Disepakati Organisasi
Periklanan dan Media Massa (Persatuan Perusahaan Periklanan Indonesia (PPPI)),
2005. Berikut ini kutipan beberapa etika periklanan yang terdapat dalam kitab
EPI (Etika Pariwara Indonesia). KODE ETIK PERIKLANAN INDONESIA. Kode etik ini
kemudian disebut " Tata Krama dan Tata Cara Periklanan Indonesia.
a) Tata Krama Isi Iklan
1. Hak Cipta: Penggunaan materi yang bukan
milik sendiri, harus atas ijin tertulis dari pemilik atau pemegang merek yang
sah.
2. Bahasa: (a) Iklan harus disajikan dalam
bahasa yang bisa dipahami oleh khalayak sasarannya, dan tidak menggunakan
persandian (enkripsi) yang dapat menimbulkan penafsiran selain dari yang
dimaksudkan oleh perancang pesan iklan tersebut. (b) Tidak boleh menggunakan
kata-kata superlatif seperti “paling”, “nomor satu”, ”top”, atau kata-kata
berawalan “ter“. (c) Penggunaan kata ”100%”, ”murni”, ”asli” untuk menyatakan
sesuatu kandungan harus dapat dibuktikan dengan pernyataan tertulis dari
otoritas terkait atau sumber yang otentik. (d) Penggunaan kata ”halal” dalam
iklan hanya dapat dilakukan oleh produk-produk yang sudah memperoleh sertifikat
resmi dari Majelis Ulama Indonesia, atau lembaga yang berwenang.

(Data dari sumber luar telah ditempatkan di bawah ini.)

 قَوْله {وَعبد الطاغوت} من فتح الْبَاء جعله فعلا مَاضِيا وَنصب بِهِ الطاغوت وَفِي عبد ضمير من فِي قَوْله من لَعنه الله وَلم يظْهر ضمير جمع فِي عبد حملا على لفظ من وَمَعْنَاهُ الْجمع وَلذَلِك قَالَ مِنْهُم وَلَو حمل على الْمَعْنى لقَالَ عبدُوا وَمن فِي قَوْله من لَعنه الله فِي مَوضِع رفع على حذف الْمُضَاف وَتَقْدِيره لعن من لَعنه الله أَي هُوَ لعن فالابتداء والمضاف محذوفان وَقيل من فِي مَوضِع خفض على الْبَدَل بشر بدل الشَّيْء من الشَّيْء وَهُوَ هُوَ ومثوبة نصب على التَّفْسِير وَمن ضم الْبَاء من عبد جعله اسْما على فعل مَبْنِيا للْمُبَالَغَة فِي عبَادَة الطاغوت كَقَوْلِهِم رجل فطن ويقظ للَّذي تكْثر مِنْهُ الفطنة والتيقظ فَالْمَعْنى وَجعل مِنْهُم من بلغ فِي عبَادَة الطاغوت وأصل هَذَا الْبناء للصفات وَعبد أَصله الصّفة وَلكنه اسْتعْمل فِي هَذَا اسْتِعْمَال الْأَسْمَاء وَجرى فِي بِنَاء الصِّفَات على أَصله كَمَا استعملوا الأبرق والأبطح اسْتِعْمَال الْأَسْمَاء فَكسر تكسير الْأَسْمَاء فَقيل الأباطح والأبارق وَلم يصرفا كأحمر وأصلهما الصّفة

3. Tanda Asteris (*): (a) Tanda asteris
tidak boleh digunakan untuk menyembunyikan, menyesatkan, membingungkan atau
membohongi khalayak tentang kualitas, kinerja, atau harga sebenarnya dari
produk yang diiklankan, ataupun tentang ketidaktersediaan sesuatu produk. (b)

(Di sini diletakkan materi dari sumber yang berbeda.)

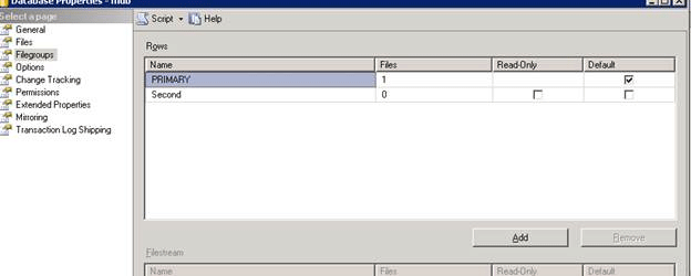 ALTER DATABASE [MDB] ADD FILEGROUP [Second]

Tanda asteris hanya boleh digunakan untuk memberi penjelasan lebih rinci atau
sumber dari sesuatu pernyataan yang bertanda tersebut.
4. Penggunaan Kata ”Satu-satunya”: Iklan
tidak boleh menggunakan kata-kata “satusatunya” atau yang bermakna sama, tanpa
secara khas menyebutkan dalam hal apa produk tersebut menjadi yang satu-satunya
dan hal tersebut harus dapat dibuktikan dan dipertanggungjawabkan.
5. Pemakaian Kata “Gratis”: Kata “gratis”
atau kata lain yang bermakna sama tidak boleh dicantumkan dalam iklan, bila
ternyata konsumen harus membayar biaya lain. Biaya pengiriman yang dikenakan
kepada konsumen juga harus dicantumkan dengan jelas.
6. Pencantum Harga: Jika harga sesuatu
produk dicantumkan dalam iklan, maka ia harus ditampakkan dengan jelas,
sehingga konsumen mengetahui apa yang akan diperolehnya dengan harga tersebut.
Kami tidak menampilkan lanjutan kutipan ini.